Type 2 Diabetes Is a Heterogeneous but Heritable Syndrome

Type 2 diabetes (T2D) is characterized by impaired glucose metabolism arising from defects in insulin resistance and secretion [1]. In clinical practice, T2D is diagnosed by elevated blood glucose levels most commonly assessed via point measurements in the fasting state or averaged over months via glycated hemoglobin (HbA1c) tests. Clinical presentation and disease progression may vary considerably among individuals, and the prevalence of T2D varies between different ethnic groups; for example, Hispanic and Black populations have higher age-adjusted T2D prevalence compared to White and Asian groups [2, 3]. Clinical complications of T2D include microvascular complications such as retinopathy, neuropathy, and nephropathy as well as macrovascular complications such as myocardial infarction and stroke [4]. Cardiovascular disease (CVD) is the leading cause of death in people with T2D who have up to a threefold increase in CVD risk as compared to people without T2D [5].

The pathogenesis of T2D involves both environmental and genetic causes. Environmental factors including obesity, stress, and lifestyle choices such as an unhealthy, energy-dense diet, and a sedentary lifestyle have been closely associated with the development of T2D [6]. The heritability of T2D ranges from 30 to 70% [7] and family history of T2D is a significant risk factor, with an approximate two-fold relative risk for siblings [8] and a three-fold increased risk for first-degree relatives of a T2D individual [9]. A handful of robust disease genes were identified by early small-scale genetic association studies for T2D [10, 11] and related Mendelian diabetes syndromes [12]. With the advent of genotyping arrays and the systematic cataloging of common genetic variation by the International HapMap project, population-scale genome-wide association studies (GWAS) became feasible, leading to the identification of hundreds of T2D associated loci [13]. This review focuses on the T2D genetic association studies conducted over the past 3 years.

T2D Risk Loci Marked by Common Genetic Variants Are Mostly Shared Across Ancestries

In the early 2000s, collaborative efforts spanning multiple institutions across the globe coalesced into several international consortia focused on genetic mapping of T2D along with its related traits and even complications (summarized in Table 1).
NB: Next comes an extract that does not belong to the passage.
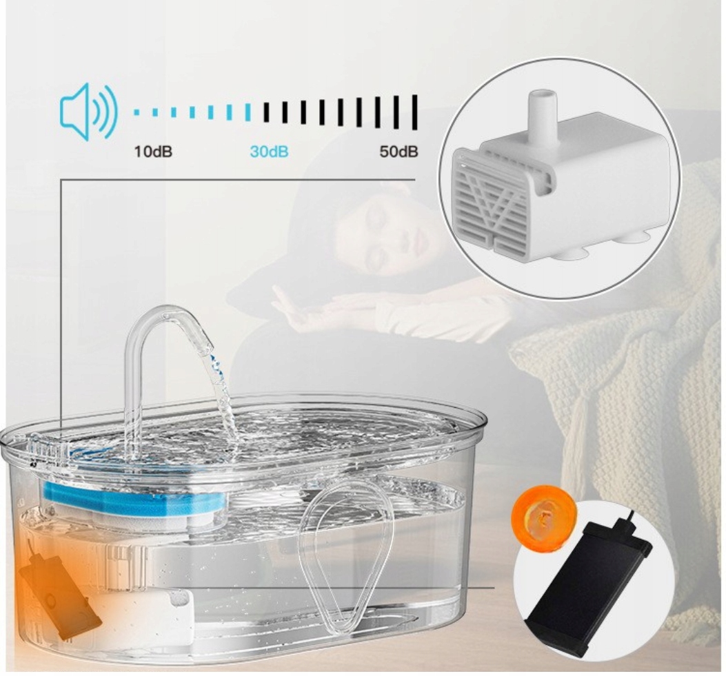 Nowoczesna pompa pracuje ciszej niż szept, dzięki czemu fontanna nie zakłóca snu ani domowej ciszy – nawet w nocy.

Initially, consortia such as DIAGRAM [14] and MAGIC [15] aggregated participants of a single ancestry (mostly northern European), but more recently, they have included participants across a variety of ancestries [16, 17•]. As of 2018, the list of T2D associations included over 200 independent loci [18] (Table 2). Subsequent studies over the past 3 years have built upon earlier work by meta-analyzing previously collected samples with samples obtained across multiple ancestries to identify an additional 500 T2D risk loci, defined as those > 500 kb and linkage disequilibrium (LD) r2 < 0.05 from previously reported loci (Table 2).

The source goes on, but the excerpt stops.